REQUIRED WORK
Beginning at the first line of the material, output each line exactly until you reach and include the line containing "Главная улица города". Leave every picture out.

INFORMATION PROVIDED

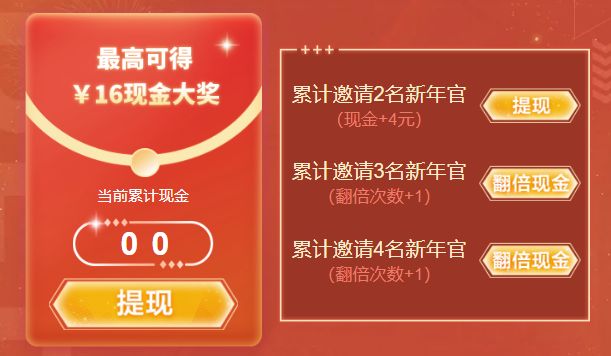 活动期间,玩家通过邀请新年官(新年官身份条件为:2023年1月22日0点后注册的新玩家或2023.1.15-2023.1.21未登录游戏的玩家)助力,达成对应助力人数(具体以界面任务为准)即可翻倍现金,最高可得16元现金红包!每档现金为先到先得,未抢到的玩家提现后统一获得对应档位的钻石奖励。
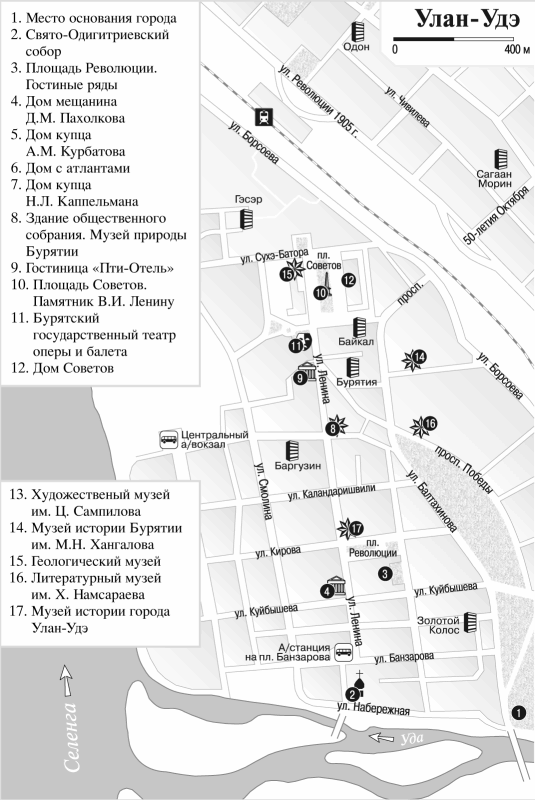 Главная улица города – им. Ленина. Она начинается от наб. Уды и Одигитриевского собора и идет до пл. Советов. От ул. Кирова до Советской – пешеходная часть. В этой части города купеческие особняки – памятники деревянного и каменного зодчества русского классицизма – напоминают о прошлом. Среди них деревянные дома, украшенные богатой резьбой, Гостиный двор, Одигитриевский собор. Современные здания украшены витражами, мозаичными панно с бурятским орнаментом, это позволяет сохранить национально-художественные традиции столицы Бурятии.
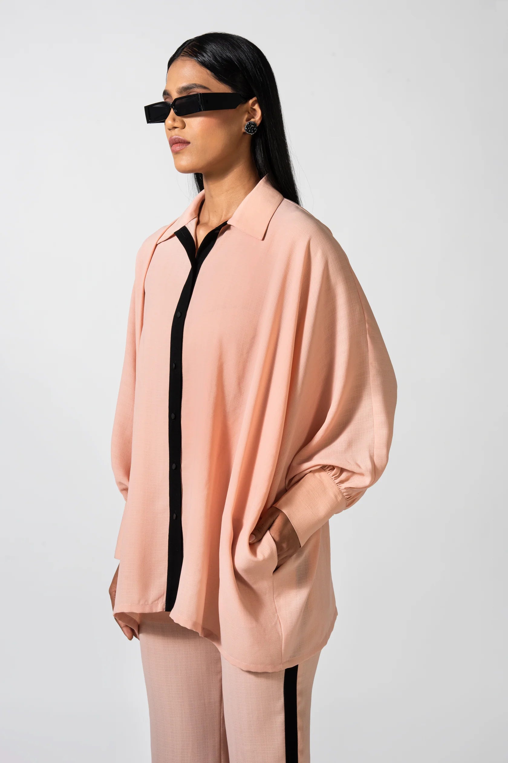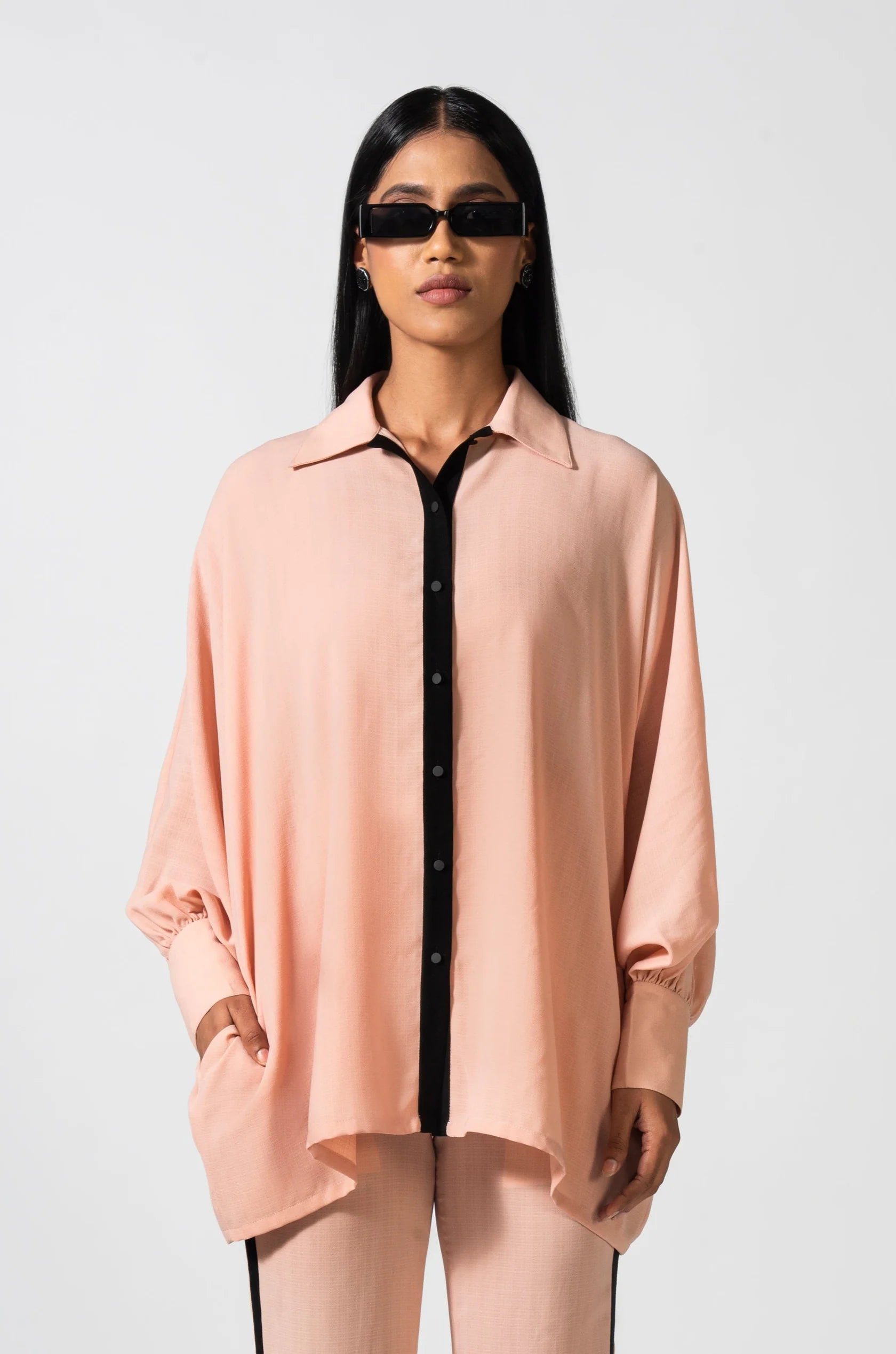 Float through your day in the ethereal charm of the Aurora Ballet Shirt—a ballet-inspired silhouette redefined for modern elegance. Cut from sumptuous Inbox Poplin, this piece is tailored in blush pink (and a playful melting-heart print) to cocoon you in effortless charm. Delicate “butterfly” sleeves flutter with every movement, giving a graceful nod to dancewear, while a crisp collar and long-line button-down hem keep the look grounded and polished

SOLUTION TO THIS EXERCISE
 活动期间,玩家通过邀请新年官(新年官身份条件为:2023年1月22日0点后注册的新玩家或2023.1.15-2023.1.21未登录游戏的玩家)助力,达成对应助力人数(具体以界面任务为准)即可翻倍现金,最高可得16元现金红包!每档现金为先到先得,未抢到的玩家提现后统一获得对应档位的钻石奖励。
 Главная улица города – им. Ленина. Она начинается от наб. Уды и Одигитриевского собора и идет до пл. Советов. От ул. Кирова до Советской – пешеходная часть. В этой части города купеческие особняки – памятники деревянного и каменного зодчества русского классицизма – напоминают о прошлом. Среди них деревянные дома, украшенные богатой резьбой, Гостиный двор, Одигитриевский собор. Современные здания украшены витражами, мозаичными панно с бурятским орнаментом, это позволяет сохранить национально-художественные традиции столицы Бурятии.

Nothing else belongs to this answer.